→ Task statement
Starting at the line that contains "Tarje Eikanger Gullaksen" and stopping at the line that contains "ALSO AVAILABLE: Scissor", restate each line of the records below exactly. Omit the pictures.

(Data extracted from a collection)
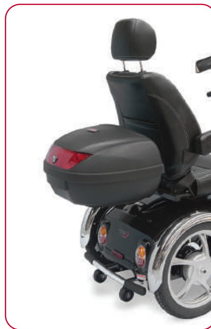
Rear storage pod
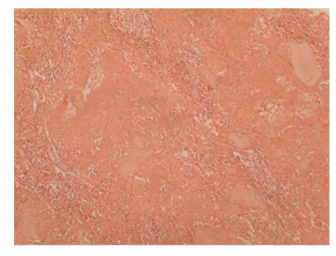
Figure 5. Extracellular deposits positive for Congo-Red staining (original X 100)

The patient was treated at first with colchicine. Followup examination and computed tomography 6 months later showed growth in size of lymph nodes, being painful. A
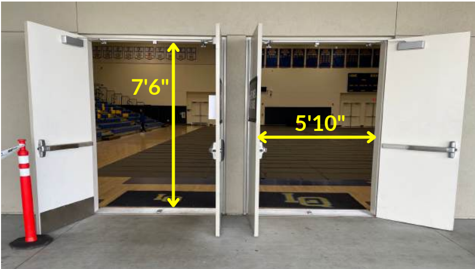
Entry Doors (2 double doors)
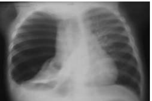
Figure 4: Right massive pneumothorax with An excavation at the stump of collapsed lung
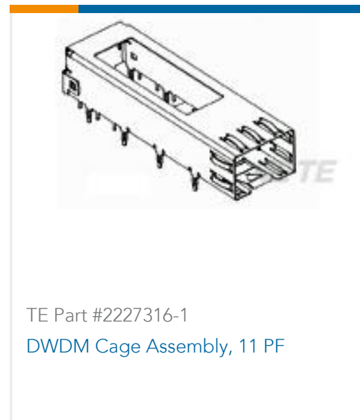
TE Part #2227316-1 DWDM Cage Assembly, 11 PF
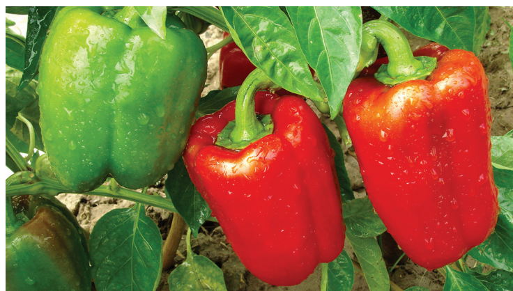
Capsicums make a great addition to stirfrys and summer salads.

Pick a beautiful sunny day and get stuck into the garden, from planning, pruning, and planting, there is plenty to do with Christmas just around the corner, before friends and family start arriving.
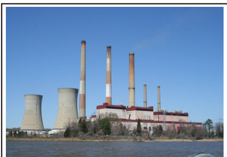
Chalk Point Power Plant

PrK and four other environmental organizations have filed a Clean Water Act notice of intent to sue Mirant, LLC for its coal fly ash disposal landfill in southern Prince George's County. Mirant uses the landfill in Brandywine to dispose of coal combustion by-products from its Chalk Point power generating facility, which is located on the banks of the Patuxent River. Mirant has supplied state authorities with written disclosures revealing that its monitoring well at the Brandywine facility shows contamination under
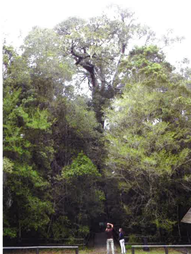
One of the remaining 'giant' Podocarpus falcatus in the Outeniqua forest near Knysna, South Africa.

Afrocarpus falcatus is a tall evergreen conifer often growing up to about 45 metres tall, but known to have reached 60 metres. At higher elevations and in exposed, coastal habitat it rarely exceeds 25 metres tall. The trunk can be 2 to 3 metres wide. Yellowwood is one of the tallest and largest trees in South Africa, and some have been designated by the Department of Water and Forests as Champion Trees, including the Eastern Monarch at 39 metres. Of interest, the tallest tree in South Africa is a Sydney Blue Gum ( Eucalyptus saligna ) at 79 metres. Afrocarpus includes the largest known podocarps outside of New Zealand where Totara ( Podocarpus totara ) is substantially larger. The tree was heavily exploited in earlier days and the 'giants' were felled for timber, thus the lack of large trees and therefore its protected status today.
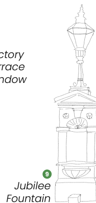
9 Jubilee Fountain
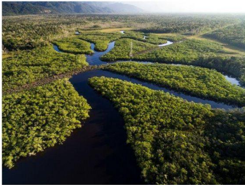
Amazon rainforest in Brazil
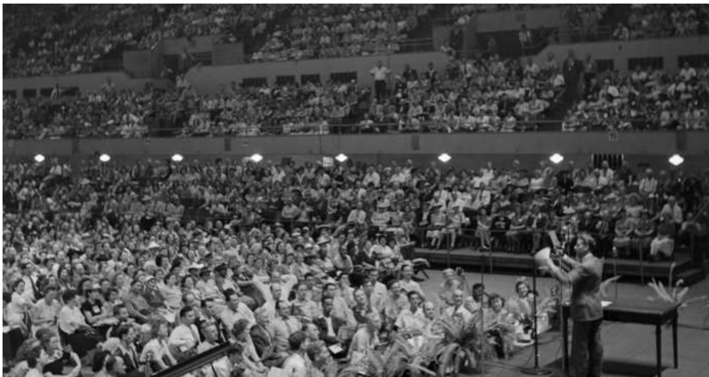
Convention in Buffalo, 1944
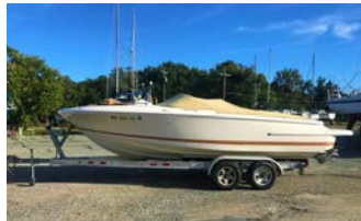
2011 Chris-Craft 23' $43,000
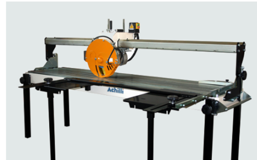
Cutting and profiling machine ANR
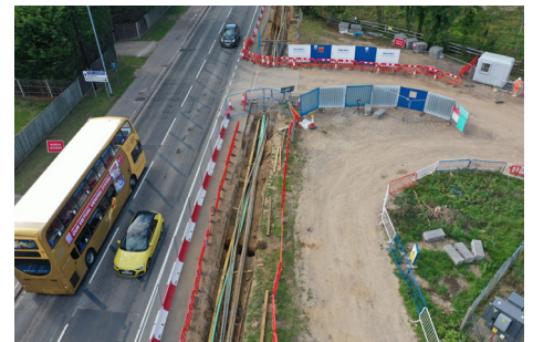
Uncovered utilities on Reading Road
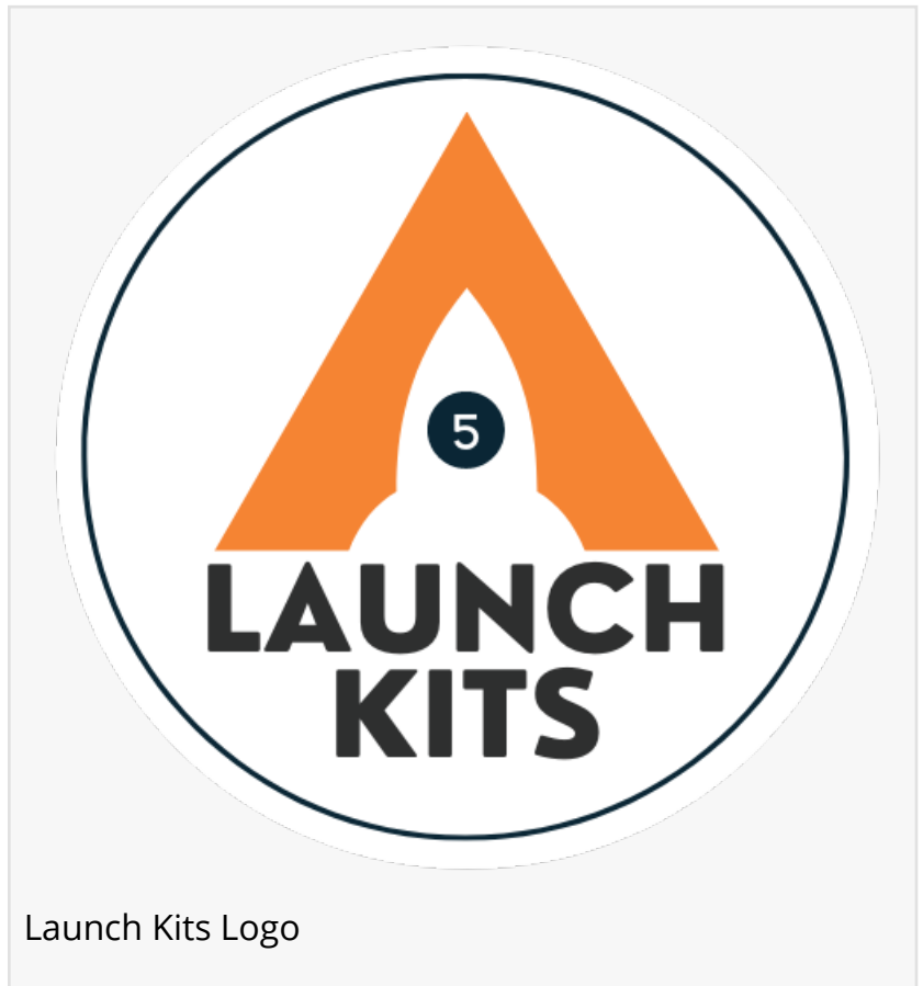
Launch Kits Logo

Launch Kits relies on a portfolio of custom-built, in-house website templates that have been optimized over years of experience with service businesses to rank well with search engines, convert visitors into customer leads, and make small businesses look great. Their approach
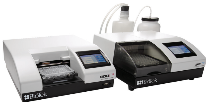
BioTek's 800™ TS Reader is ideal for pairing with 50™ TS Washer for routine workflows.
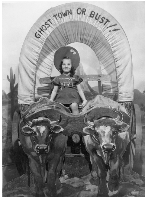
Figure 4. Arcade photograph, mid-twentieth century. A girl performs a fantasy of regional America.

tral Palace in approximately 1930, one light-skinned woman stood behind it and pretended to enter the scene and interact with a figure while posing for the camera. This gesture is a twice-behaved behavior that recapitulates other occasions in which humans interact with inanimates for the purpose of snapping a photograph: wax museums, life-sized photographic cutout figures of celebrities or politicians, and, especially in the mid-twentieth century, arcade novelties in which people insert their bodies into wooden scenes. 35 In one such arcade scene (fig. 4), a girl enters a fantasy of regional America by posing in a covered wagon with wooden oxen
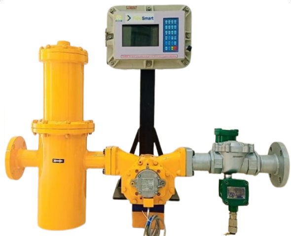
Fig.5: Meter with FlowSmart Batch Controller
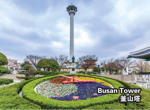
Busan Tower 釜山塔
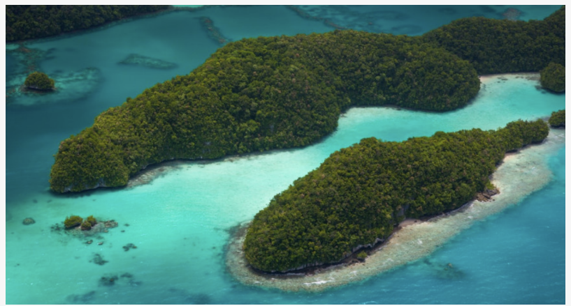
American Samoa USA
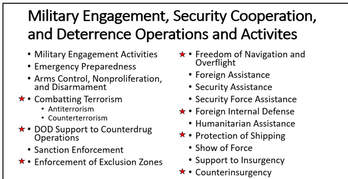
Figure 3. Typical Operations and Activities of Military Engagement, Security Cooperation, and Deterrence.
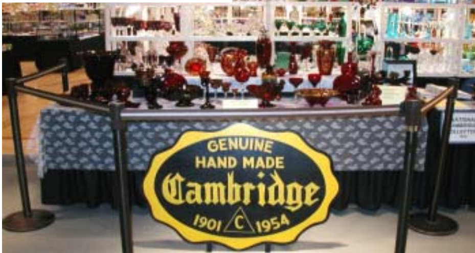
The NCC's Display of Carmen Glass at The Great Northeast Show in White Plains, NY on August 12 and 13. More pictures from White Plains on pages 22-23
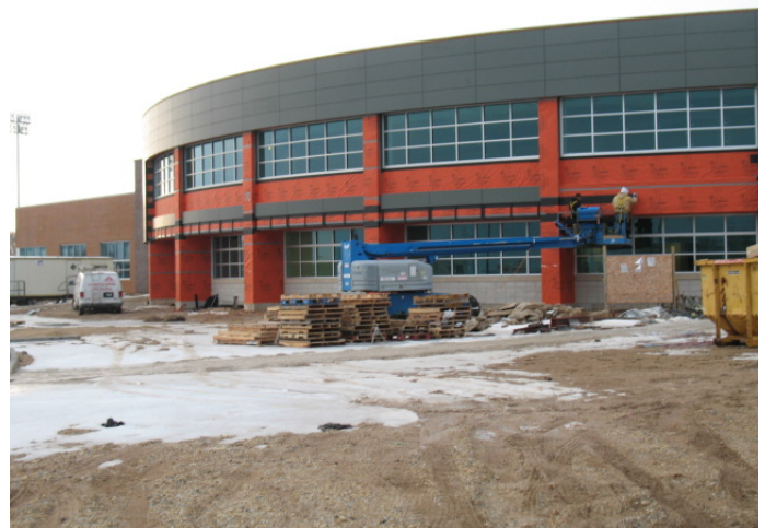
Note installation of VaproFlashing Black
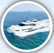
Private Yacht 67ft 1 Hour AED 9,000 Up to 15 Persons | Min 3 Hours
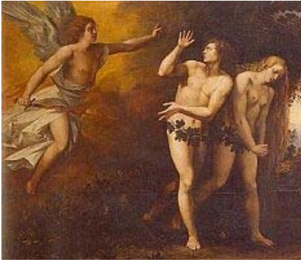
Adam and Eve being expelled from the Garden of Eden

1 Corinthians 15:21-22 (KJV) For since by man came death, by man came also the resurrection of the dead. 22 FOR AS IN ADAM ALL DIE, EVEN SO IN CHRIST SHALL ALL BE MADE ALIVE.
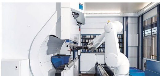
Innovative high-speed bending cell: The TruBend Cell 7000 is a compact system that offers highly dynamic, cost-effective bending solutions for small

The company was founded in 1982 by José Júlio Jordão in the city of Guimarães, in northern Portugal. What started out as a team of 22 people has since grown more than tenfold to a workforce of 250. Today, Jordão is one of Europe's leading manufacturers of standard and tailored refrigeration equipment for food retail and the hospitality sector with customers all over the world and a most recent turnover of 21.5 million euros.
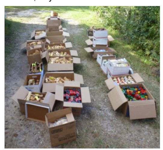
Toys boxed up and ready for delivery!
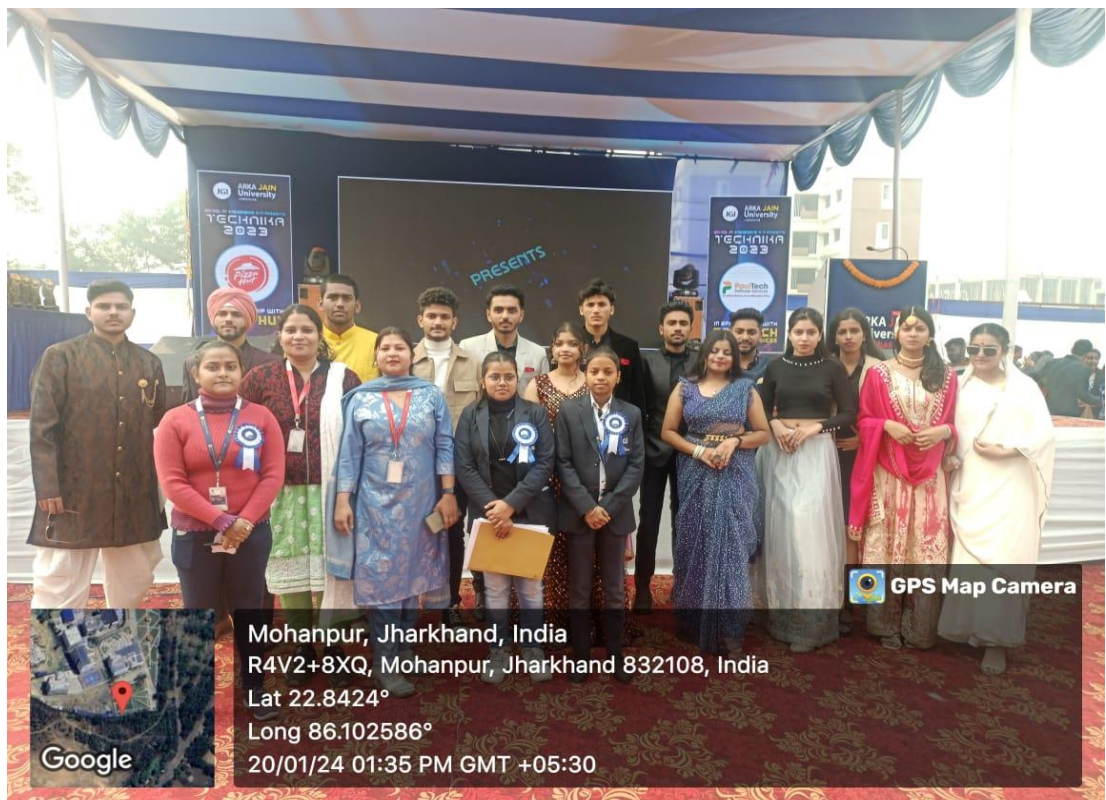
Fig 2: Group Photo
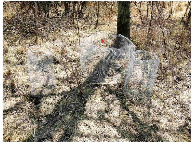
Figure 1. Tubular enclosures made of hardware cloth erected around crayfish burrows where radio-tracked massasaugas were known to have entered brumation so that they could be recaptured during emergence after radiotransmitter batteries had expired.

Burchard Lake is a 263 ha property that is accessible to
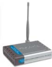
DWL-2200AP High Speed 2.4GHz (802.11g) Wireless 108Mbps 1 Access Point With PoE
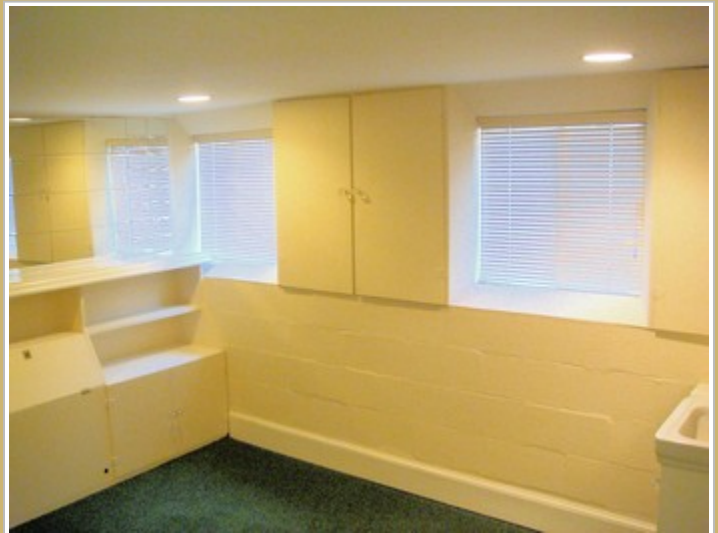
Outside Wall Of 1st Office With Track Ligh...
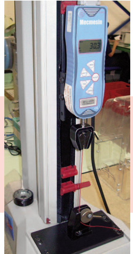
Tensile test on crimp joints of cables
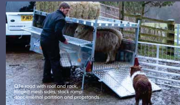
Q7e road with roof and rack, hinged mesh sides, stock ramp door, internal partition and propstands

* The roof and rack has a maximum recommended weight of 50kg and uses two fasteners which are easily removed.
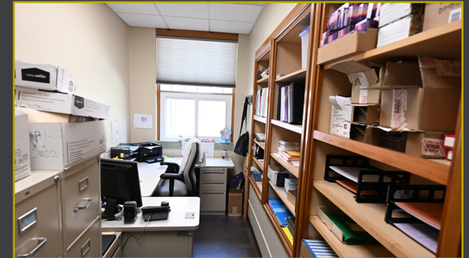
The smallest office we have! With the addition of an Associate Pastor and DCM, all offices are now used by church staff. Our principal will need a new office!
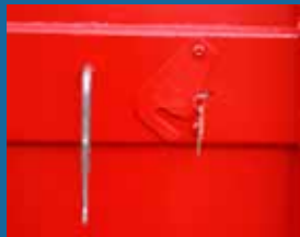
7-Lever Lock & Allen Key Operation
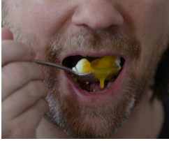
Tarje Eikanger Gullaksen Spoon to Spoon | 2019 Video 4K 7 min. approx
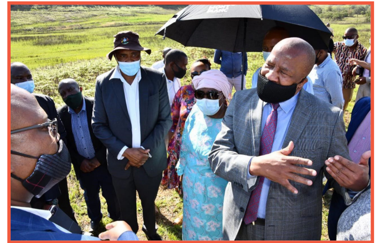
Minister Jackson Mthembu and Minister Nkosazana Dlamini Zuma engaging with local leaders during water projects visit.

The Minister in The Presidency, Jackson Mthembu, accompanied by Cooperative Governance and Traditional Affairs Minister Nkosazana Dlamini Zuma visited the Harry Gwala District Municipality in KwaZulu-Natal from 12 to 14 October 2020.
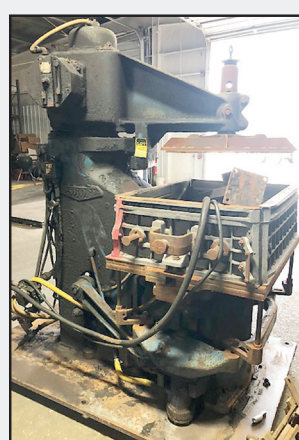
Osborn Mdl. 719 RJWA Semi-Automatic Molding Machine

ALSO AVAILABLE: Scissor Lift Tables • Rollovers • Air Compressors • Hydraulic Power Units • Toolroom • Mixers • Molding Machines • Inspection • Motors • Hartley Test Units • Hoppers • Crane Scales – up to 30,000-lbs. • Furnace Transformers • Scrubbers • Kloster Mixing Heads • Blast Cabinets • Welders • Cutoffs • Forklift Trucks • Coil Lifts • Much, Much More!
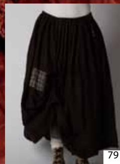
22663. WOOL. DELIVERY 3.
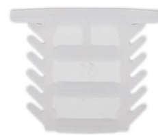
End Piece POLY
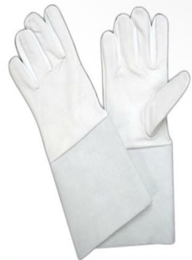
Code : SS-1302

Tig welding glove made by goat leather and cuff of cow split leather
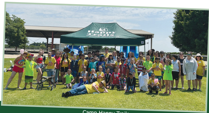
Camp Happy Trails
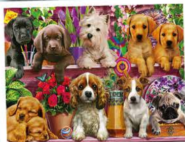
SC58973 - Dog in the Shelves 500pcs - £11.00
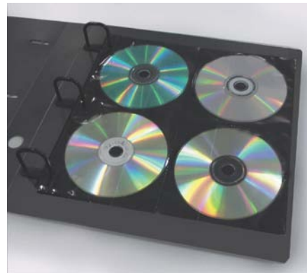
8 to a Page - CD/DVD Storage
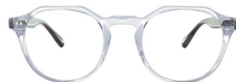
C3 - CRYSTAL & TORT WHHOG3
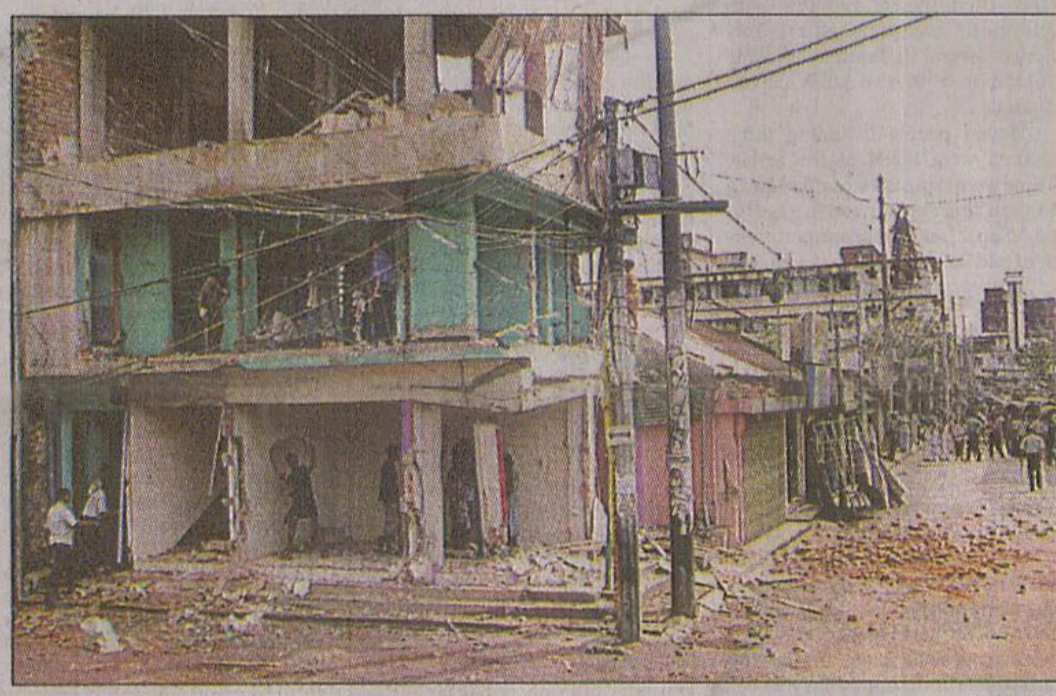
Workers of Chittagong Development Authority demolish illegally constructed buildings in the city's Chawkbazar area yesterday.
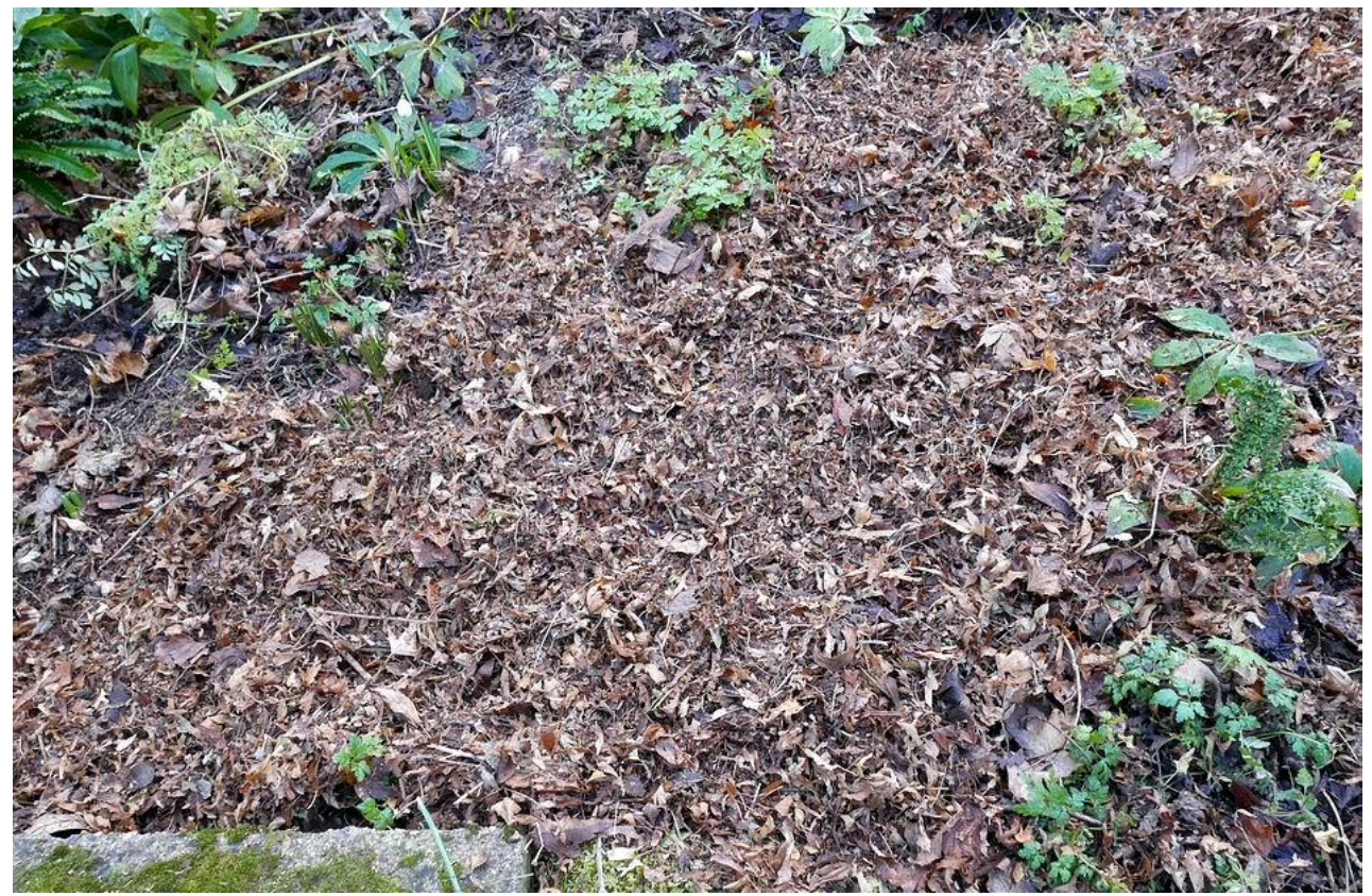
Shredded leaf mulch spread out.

→ Written solution
Tarje Eikanger Gullaksen Spoon to Spoon | 2019 Video 4K 7 min. approx
Minister Jackson Mthembu and Minister Nkosazana Dlamini Zuma engaging with local leaders during water projects visit.

The Minister in The Presidency, Jackson Mthembu, accompanied by Cooperative Governance and Traditional Affairs Minister Nkosazana Dlamini Zuma visited the Harry Gwala District Municipality in KwaZulu-Natal from 12 to 14 October 2020.
Osborn Mdl. 719 RJWA Semi-Automatic Molding Machine

ALSO AVAILABLE: Scissor Lift Tables • Rollovers • Air Compressors • Hydraulic Power Units • Toolroom • Mixers • Molding Machines • Inspection • Motors • Hartley Test Units • Hoppers • Crane Scales – up to 30,000-lbs. • Furnace Transformers • Scrubbers • Kloster Mixing Heads • Blast Cabinets • Welders • Cutoffs • Forklift Trucks • Coil Lifts • Much, Much More!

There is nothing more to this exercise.